December 8th, 2006 at 10:20 pm
It must be something in the air. I sought out and re-read TGIAW no more than an hour before reading this post. Well, I guess that’s my freaky coincidence for this week.
It is very good, isn’t it? And if anything, it seems better eight years later.
December 9th, 2006 at 3:11 am
That was pretty great.
God, I forgot about Mondo 2000 until now.
December 9th, 2006 at 7:17 pm
The first few panels really reminded me of high-school in the early 80s. My friend Paul and I were totally into Omni, hacking on his TRS-80, the movie Altered States, and generally imagining some cool cyberdelic future that was just around the corner… Later I was totally into Reality Hackers/High Frontiers/Mondo 2000. Paul created Future Hi, and I’m doing my Expressive AI thing, so I guess we both, to some degree, kept the faith.

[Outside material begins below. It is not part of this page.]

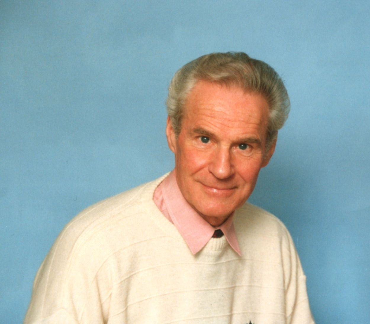 Alex Macintosh, newscaster

December 9th, 2006 at 8:53 pm
Wow — that’s brilliant, though of course it makes you want to read the after-the-crash-till-9/11 chapters as well.
It occurred to me recently, walking down a hill in the rain on the way to a norwegian EXAM, that I was thinking about existentialism for the first time in years (sort of like, gee whiz, when I was twenty-one, finishing college, would I ever think that I’d be walking in the rain down a mountain confronting fear of failure in an old style European exam conducted in a fucking church, what happened to my future [this is not an unpleasant wonderment but a relatively pleasantly perplexed or mystified one] and how can it rain for seven weeks straight in the dark anyway? existence precedes essence kind of way). Also, I thought about the recurring motif of stones in sartre’s road and beckett’s pocket, for no particular reason other than the mountains. And of course I thought of Kafka. And this cartoon made miss Gillespie’s typewriter.
I wonder how much Flaherty’s life has changed since 1978, after all.